The post-pandemic future: The film and TV industry will go virtual—actors and sets included
Paul Bronfman is chair of Pinewood Toronto Studios and co-chair of William F. White International Inc. equipment rental
Over the past few years, Toronto has made good on its nickname of Hollywood North. Netflix is setting up a production hub here. There’s a mad dash for studio space, with new sound stages popping up to meet the endless demand. And in 2019, the province’s film and television industry reached an all-time high, generating $2.16 billion and supporting 44,540 jobs. Then came Covid, and like many industries, Toronto’s robust production pipeline froze.
As the industry has adapted to our new normal, we’ve realized that content production in Toronto will never be the same. Post-Covid, the next big transformation we’ll see is a move from in-person shooting to remote production. This change could be one of the best things to ever happen to our industry—financially, logistically and creatively.
Digital wizardry will be the norm, and many productions will go virtual. Previously, LED video walls were used to create realistic moving backgrounds for hard-to-wrangle sequences. Today, entire virtual worlds can be built from scratch, featuring high-resolution sets created using LED video walls and computer-generated backgrounds to separate actors from each other and the crew.

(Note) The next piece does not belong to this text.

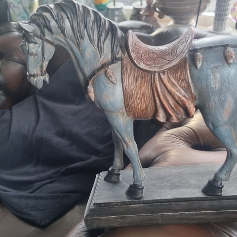Treskåret veggdekorasjon med hestemotiv i lyst tre
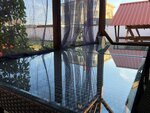 Деревянный каркасный дом на 10 номеров, большая парковка для авто. Есть общая кухня, чайник в номере, холодильник, кондиционер, санузел. Звукоизоляции никакой. Соседей слышно, будто они ходят у тебя в номере. Жарко под крышей на втором этаже, кондей не помогает. Вторая линия, до пляжа близко, до центра и магазинов далеко.

These virtual sets will not just be the purview of big-budget productions, either. Independent and emerging filmmakers will continue to push the boundaries and find ways to innovate with smaller production budgets.
Even performances will happen remotely: the industry is close to creating sets that can add actors to a scene after they film their parts in their home studios. Through the use of visual effects, a remote actor’s face could be digitally superimposed onto a body double in post-production. The same thinking will apply behind the scenes. Equipment rented on set will have remote camera heads and cranes. These long-reaching tools are completely programmable and can provide adequate distance between actors and crane technicians. Once shots are set up and programmed, operators and other members of the production crew can stand back while the camera does the work for close-up shots. Planning and programming shots before involving key talent can significantly shrink overall production times, allowing for a much faster workflow.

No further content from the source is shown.